Specifically, several PRAs have indicated that a seismic event is an important contributor to overall plant risk (see References 4,11), in these PRAs, the seismic initiating event resulted in a loss of offsite power that, when combined with other failures, led to a station blackout. The Oconee PRA (see Reference 3) identified an internal flooding sequence (an "external event" by convention), which was the dominant contributor to core damage.

Further, some PRAs (see References 3, 12) have identified a core damage sequence, initiated by high winds or a tornado that resulted in the collapse of block wall structures onto important safety equipment.

A consensus listing of external events to be considered in preparing a PRA has been provided in the PRA Procedures Guide (see Reference 5); the listing was based in part on the national standard ANSI /ANS 2.12-1978.13  ;

These external events are presented in Table 1 and include natural phenomena (earthquakes, etc.), man made initiators (aircraft crashes, etc.), and certain other, apparently internal, events that fit the "external" definition (fires, internal floods, and turbine missiles).

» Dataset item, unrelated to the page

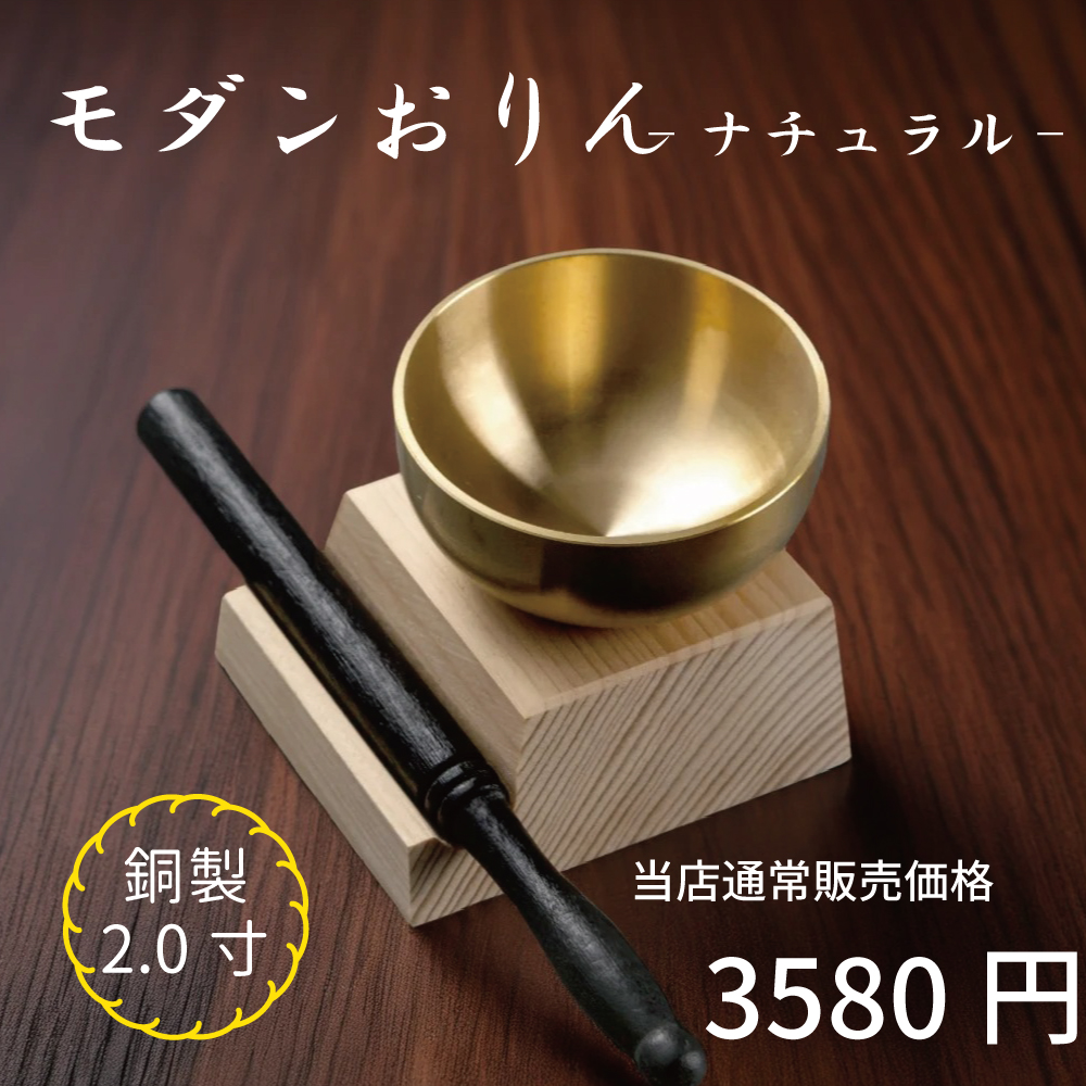 【最強配送対応】仏具 モダンおりん 2.0寸 木製台座 ナチュラル モダン仏具

While the list in Table 1 is considered to be complete, the number of these events assessed to be potentially significant contributors to plant risk has been reduced with experience. For example, many external events have been eliminated based on improvements in plant design. The use of block wall structures that contain safety equipment is no longer an acceptable design practice. In recent vintage plants the structures that are similar in f

function to the block wall structures found at Indian Point 2 and Oconee are now reinforced concrete and have a much higher resistance to wind or tornado damage.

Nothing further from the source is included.